New Year’s Eve 1859-1867

New Year’s Eve is traditionally a time for Reviews of the Year. Partly because people do like to reflect back on the previous 12 months, as they prepare to welcome in the next. But mainly because it’s a good way to fill news pages when ‘nothing much is happening’ and the usual go-to sources of copy are tucked up at home with the Quality Street and last of the mince pies.

Cumbrian Characters started 2023 with posts on Thursby Post Office, and Fishing Rights.

But readers can find all that for themselves by looking at the (blog) Archives. So, while following tradition, here is another sort of compilation: ‘Things from New Year’s Eves gone by’.

New Year’s Eve 1859

Carlisle Albert Quadrille Party held their first ball for the season in the Assembly Room of the Coffee House Hotel, on New Year’s Eve.

‘The party mustered strong, and danced incessantly to the music of a very efficient band, under the leadership Mr John Scott.’

All that ‘incessant dancing’ was carried out ‘in the greatest harmony and goodwill’.

(A repeat event two years later saw more than sixty couples dancing – possibly also incessantly – until 4am on New Year’s Day).


New Year’s Eve seems to have been a traditional date for groups to get together. 

About 100 members (and their friends) of the Independent United Order of Mechanics celebrated their 22nd anniversary, at the Grey Goat Inn, Carlisle. Members of the United Ancient Order of Druids held their annual ball at the Half Moon Inn Wigton. The volounteers of the 2nd Cumberland (Whitehaven) Rifle Volunteers celebrated their second anniversary with supper in the Oddfellows’ new hall, in Lowther Street. 

And the first anniversary and tea party of the Wetheral Total Abstinence Society was held at the house of Mr. George Tiffin, where between 60-70 people 

‘partook of the social and non-inebriating cup’

Showing that you don’t need alcohol to have a good time, they were later joined by dozens of others in the village schoolroom. Once the annual meeting was out of the way, there were ‘some excellent lectures,’ and ‘some very appropriate melodies were sung’.


1862 and 1863 were hard years, with December headlines more about ‘families/workers in distress’ in Cumberland than any kind of parties. No doubt those struggling to find work hoped the new year of 1864 would see an upturn in the economy.

James Mawson, of Lowther, penned a jolly few Lines Written on New Year’s Eve, about time’s chariot (unoriginal, James), rolling ‘heavily o’er the prostrate year’.

1862 had been a ‘year of passing sorrow’. There are a few optimistic lines after that, but reading it might have turned even the most-temperate of folk to reach for a glass of something.

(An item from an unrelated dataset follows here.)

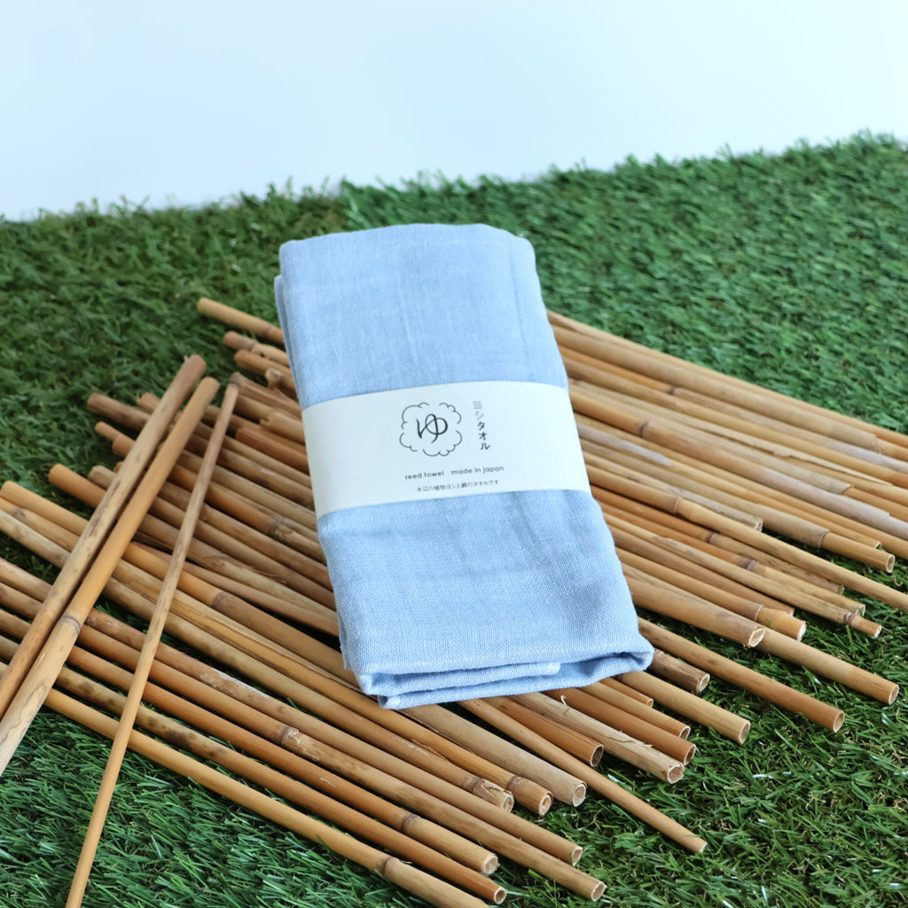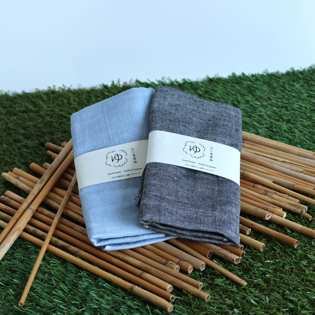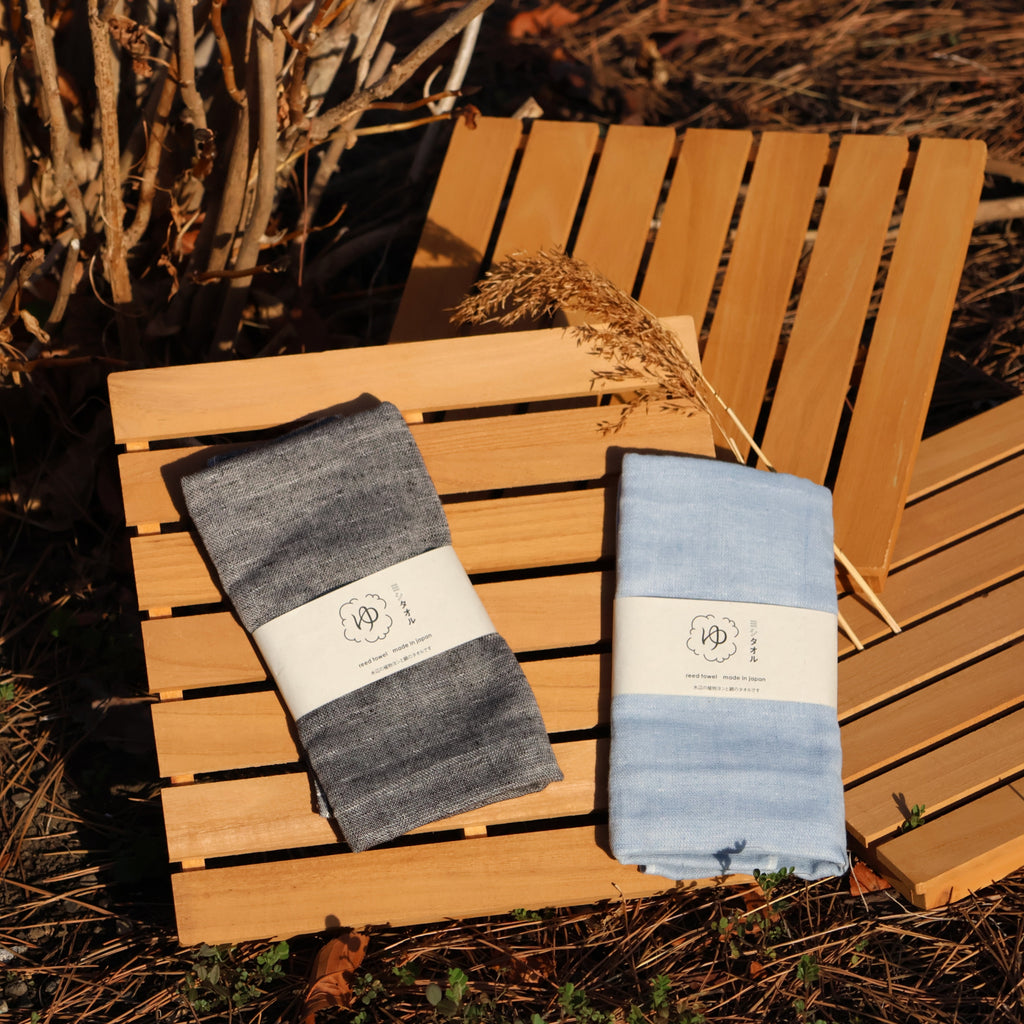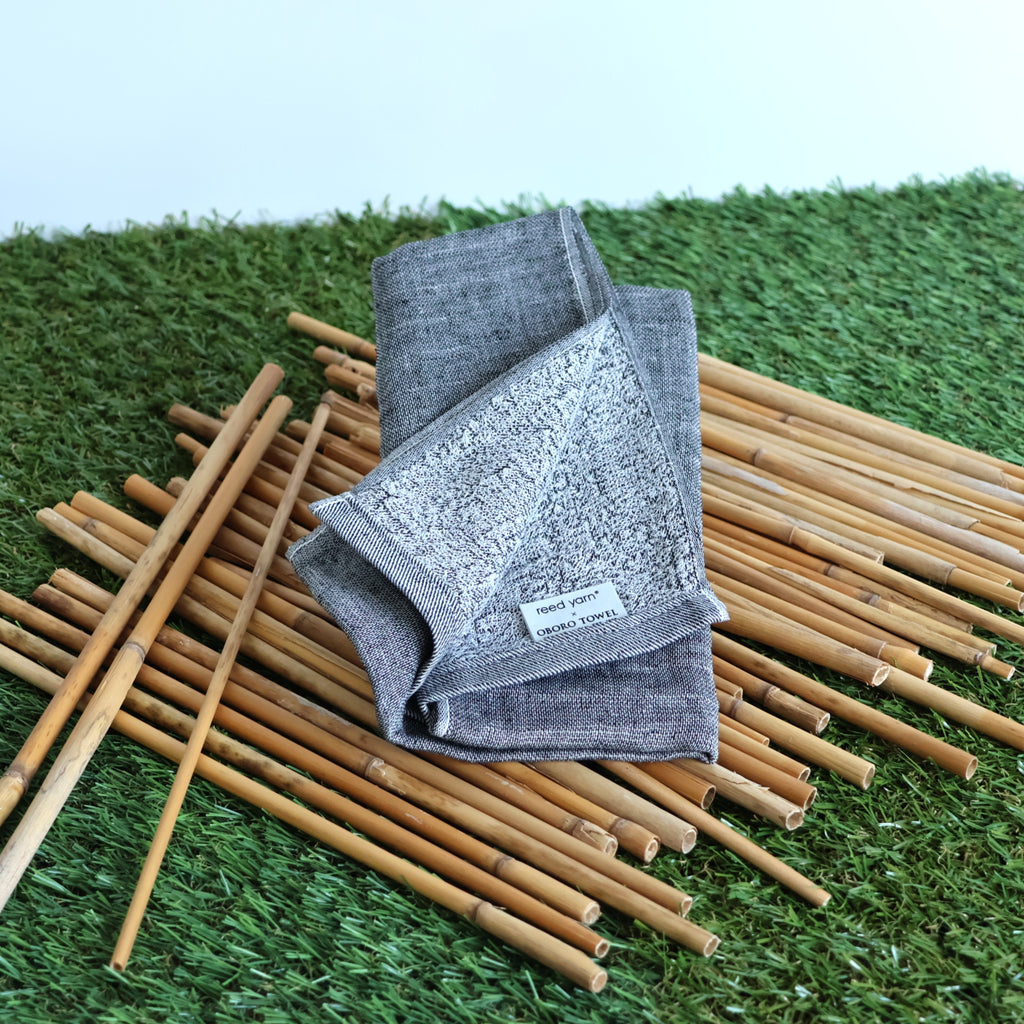 A sustainable towel made from Japanese reed plants growing near waterways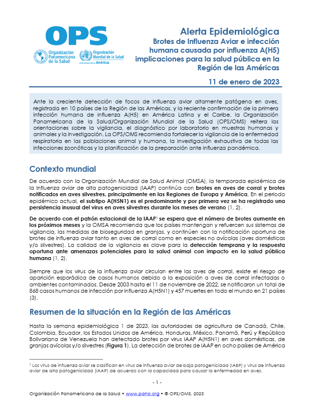 En su actualización epidemiológica sobre brotes de Influenza Aviar del 11 de enero de 2023, la OPS detalló que hasta la semana epidemiológica 1 de 2023, las autoridades de agricultura de Canadá, Chile, Colombia, Ecuador, los Estados Unidos de América, Honduras, México, Panamá, Perú y República Bolivariana de Venezuela han detectado brotes por virus IAAP A(H5N1) en aves domésticas, de granjas avícolas y/o silvestres.

Meanwhile, the Dean of Carlisle, Francis Close, in 1863, seems to have feared that a New Year’s Eve ball at Caldewgate Reading Room was a corrupting influence on young people. What most saw as ‘innocent and harmless amusement,’ he apparently feared would lead to ‘vice and immorality’.


Workington. The Primitive Methodists of Workington sat down to a fruit banquet in their chapel in John Street. Some 200 people enjoyed… whatever a ‘fruit banquet’ was.


Heads Nook. More than 300 people enjoyed a Penny Reading programme of readings and songs. These included Edgar Allen Poe’s The Raven, read by Mr M Salkeld. And Ca’ the Yowes to the Knowes, sung by William Dalton. 


Thomas Peat, William Gray and Wilson Smith were ‘three respectable young men’. But for some reason, they decided to vandalise the Old Brewery (Carlisle). The facts of who broke a window shutter (the subject of the subsequent court case) are muddled. But they were fined 2s 6d each, plus damages and costs. The report bears the puzzling headline:

‘Foolish freaks on New Year’s Eve’.


Dean Francis Close held ‘a very strange prayer meeting’ on New Year’s Eve. 

‘The performances in question consisted of singing, expositions and prayer (?) and appear to have been highly irreverent, nay painfully grotesque in their character’.

It seems that he had a go at other members of the clergy, calling them hypocrites, guilty of paganism and popery, wolves in sheep’s clothing… This drew a lengthy letter (quoted above) of objection to the Carlisle Journal from the Rev Charles Moyes Preston, of Warcop Vicarage – my 4th cousin 5 times removed.

And today…

Whether you intend to see out this ‘prostrate year’ with a fruit banquet, or some incessant dancing, Cumbrian Characters wishes you well, and hopes 2024 proves a kinder one for the world.